Funding an ESOP’s repurchase obligation
Companies that are wholly or partially owned by an employee stock ownership plan have a responsibility to purchase stock that is distributed to ESOP participants upon the participant’s termination of employment, death, disability, when the participant diversifies his/her account balance and when the participant is due an in-service distribution or required minimum distribution from the ESOP. There are a number of ways in which companies fund to meet this obligation, including the purchase of COLI on the lives of key executives. Similar to when COLI is used to offset the costs of a NQDCP, the tax-free withdrawal and loans from cash value along with tax-free death benefits make COLI, either alone or in conjunction with another asset, an appropriate and cost-efficient method for funding the repurchase obligation.
The owner of a life insurance contract must have an insurable interest in the person who is insured when the policy is purchased. This means that the policy owner (or the owner’s named beneficiary) would suffer a financial loss in the event of the insured’s death. Any individual is permitted to purchase a life insurance contract on his/her own life and designate the beneficiary.
Each state has its own statutes regarding insurable interest in the life of an insured individual. There is no federal statute specifically addressing this issue, so it is important to know and understand the statute of the state in which a life insurance policy is issued. In some states, a policy issued to someone who lacks insurable interest and where the insured did not consent, may be paid to a person who is equitably entitled to the proceeds and who is someone other than the named beneficiary, if a court so orders.
Code Sec. 101(J): Make Sure Death Benefits Are Income Tax-Free
Under Code section 101(j)(2)(A), death benefits paid to an employer will be free of income tax if notice and consent were obtained from the employee and that employee falls into one of the following categories:
- The insured was an employee at any time during the 12-month period before death
At the time the contract is issued, the insured is
o A member of the board of directors
o A highly-compensated employee
o One of the five highest-paid officers
o A shareholder who owns more than 10% in value of the stock of the employer
o One of the highest paid 35% of all employees.

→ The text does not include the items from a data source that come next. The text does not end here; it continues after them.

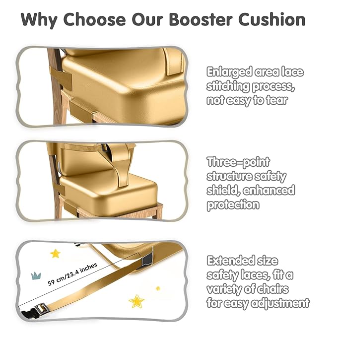 - Highlight 2 - Improved workmanship: Most cushions on the market have a strap length of 49 cm. After understanding customer needs, we lengthened the strap by 10 cm (4 inches), and the longest side of the strap reached 59 cm (23.3 inches), which is suitable for most dining chairs. We also reinforced the seams of the booster seat for table to effectively reduce the problem of loose seams and prevent the cushions from tearing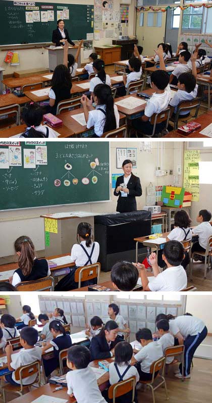 14日(月)から常盤小学校で学んでいる2名の教育実習生が、食育についての授業をしました。3時間目にM先生(2年1組)、5時間目にK先生(2年5組)です。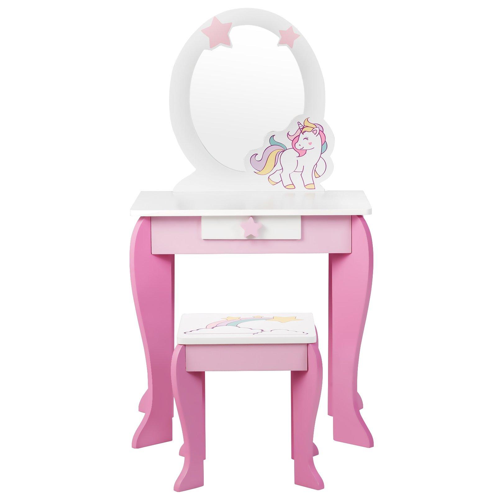 2 in 1 Kids Vanity Table and Chair Set Princess Makeup Dressing Table Writing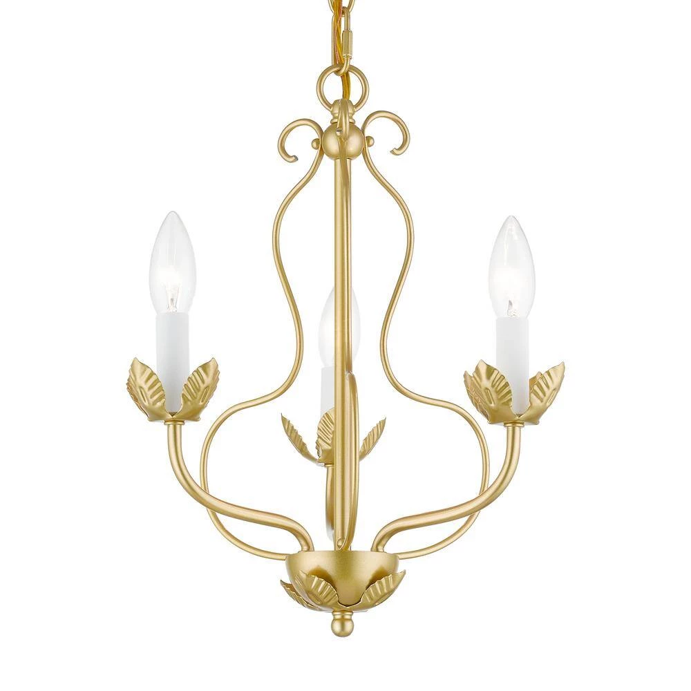 The 3-light Katarina floral chandelier showcases a graceful look. The soft gold finish completes this timeless and casual design. Livex Lighting is well known for quality, style and value.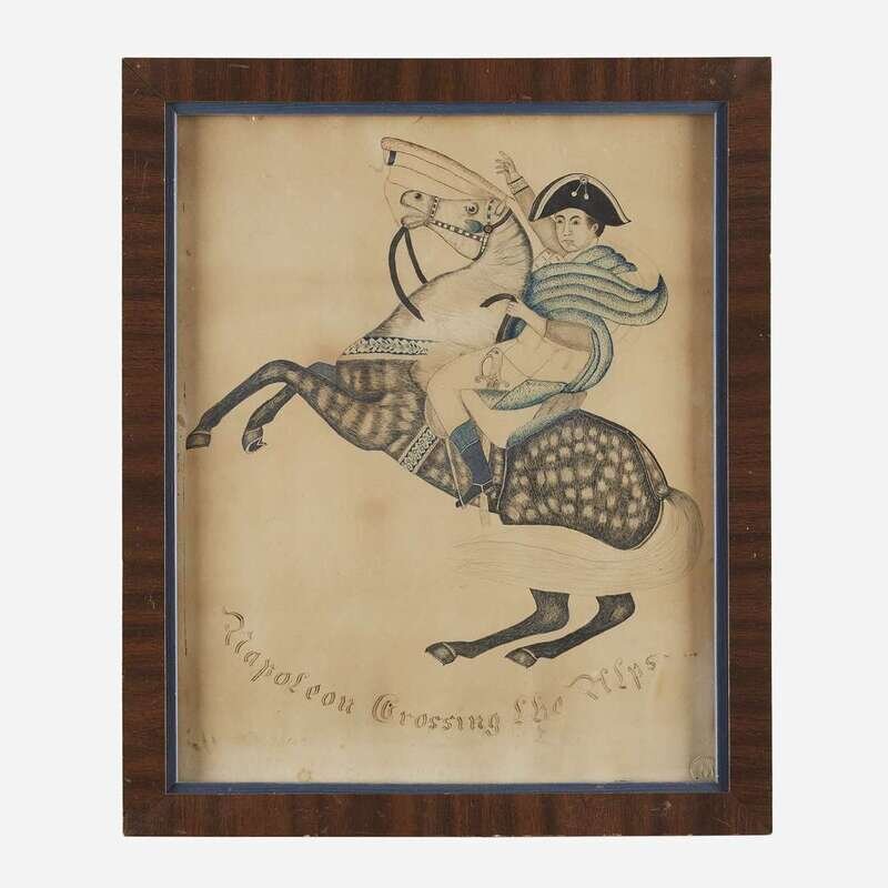 American School 19th century Two Works: Napoleon Crossing the Alps and Portrait of a House Named "Brail Nook"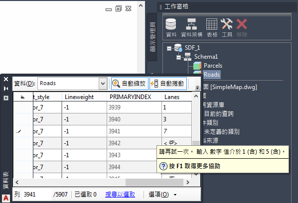 您已連接到之前建立的 SDF 檔案並新增性質到此檔案的資料架構中。您已在「資料表」中輸入了新性質的值。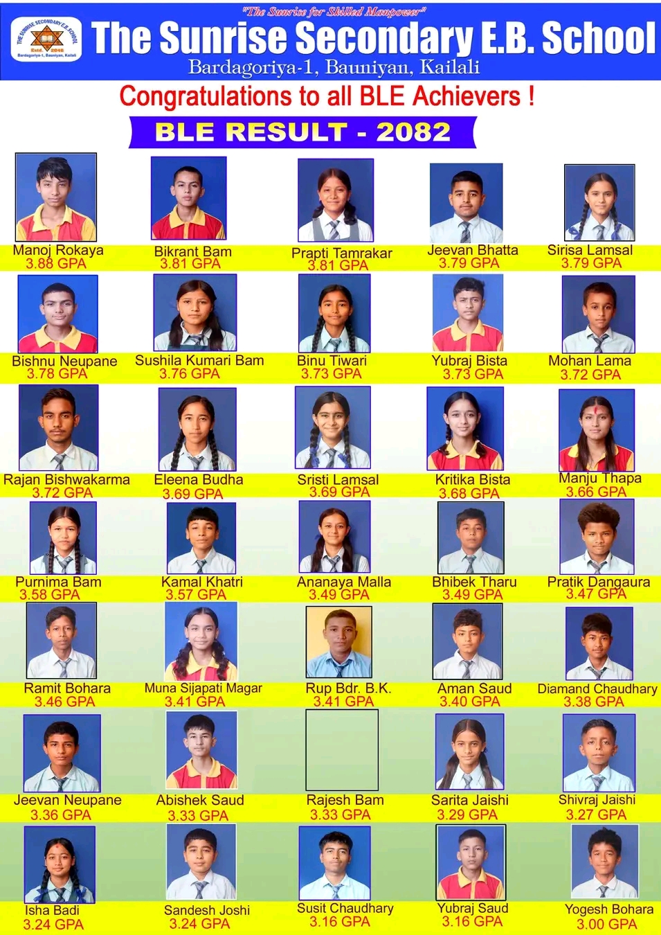 विद्यालयका अनुसार मनोज रोकाया (3.88 GPA) ले सर्वाधिक GPA ल्याएका छन्। त्यसैगरी विक्रान्त बम र प्राप्ति ताम्राकारले 3.81 GPA, जीवन भट्टा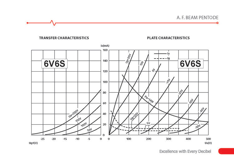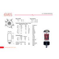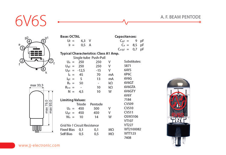 A.F. BEAM PENTODE - 6V6 S is a beam power pentode with octal base and a maximum plate dissipation of 14W. It has fat low end and full mid tones with very good tone separation and a smooth, clean high end. Known to be a very powerful 6V6 due to its robust construction. In general, a very balanced tone. It can be used also in some 6L6 amplifiers.

When determining if an employee falls into one of the exempt classifications above, the date the contract is issued controls, not the date a consent to insure is signed. In this context, “issued” means the latest of: (1) the date of application for coverage; (2) the effective date of coverage; or (3) formal issuance of the contract. If an employee signs a consent form but terminates employment prior to the issue date, that individual does not fall into one of the exceptions above.

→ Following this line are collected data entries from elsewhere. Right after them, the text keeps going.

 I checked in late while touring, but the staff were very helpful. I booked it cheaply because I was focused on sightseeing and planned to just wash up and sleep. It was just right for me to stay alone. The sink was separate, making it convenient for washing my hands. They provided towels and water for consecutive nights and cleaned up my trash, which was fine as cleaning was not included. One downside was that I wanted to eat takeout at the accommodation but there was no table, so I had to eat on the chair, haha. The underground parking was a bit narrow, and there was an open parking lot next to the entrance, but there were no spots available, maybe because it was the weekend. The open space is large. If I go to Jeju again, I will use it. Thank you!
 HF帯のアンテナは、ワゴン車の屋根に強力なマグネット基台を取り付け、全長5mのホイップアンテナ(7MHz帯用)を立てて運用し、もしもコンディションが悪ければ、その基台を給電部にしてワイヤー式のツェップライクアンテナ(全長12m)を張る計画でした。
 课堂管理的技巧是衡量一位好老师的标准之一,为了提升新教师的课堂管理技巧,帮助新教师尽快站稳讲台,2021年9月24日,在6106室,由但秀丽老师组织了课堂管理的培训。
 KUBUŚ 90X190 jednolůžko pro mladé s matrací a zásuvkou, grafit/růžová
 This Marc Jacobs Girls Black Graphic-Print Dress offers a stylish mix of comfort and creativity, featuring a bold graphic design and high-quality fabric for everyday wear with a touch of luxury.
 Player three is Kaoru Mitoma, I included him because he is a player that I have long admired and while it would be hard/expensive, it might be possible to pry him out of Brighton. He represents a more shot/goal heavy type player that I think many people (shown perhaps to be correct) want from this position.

The employer’s notice to the employee must state the maximum face amount for which the employee can be insured, that the employer (or policy owner) will be the beneficiary and that the coverage may continue after the insured is no longer employed by the employer.
Every taxpayer that owns one or more COLI policies issued after Aug. 17, 2006, must file a Form 8925 with its tax return showing the number of employees insured at the end of the year, the total amount of insurance in force at the end of the year, and stating that each insured consented to the insurance.
COLI products are specifically designed and institutionally priced for the corporate market. These products generally have lower upfront loads, high early cash values and lower insurance costs than products designed for the individual market.
COLI is a valuable asset to companies that have a long-term need for protection against financial loss due to the death of a key employee or owner of a business; to informally fund nonqualified retirement plans; to recover the cost of those plans through the receipt of tax-free death benefits; and to provide a source of tax-free income through cash value withdrawals and loans to the company. COLI products are specifically designed to provide the purchasing company with income on its financial statements in the early years to satisfy the needs of shareholders, partners and potential creditors. When designed properly, a COLI program may help mitigate losses due to the death of key person or because of costly employee benefit plans.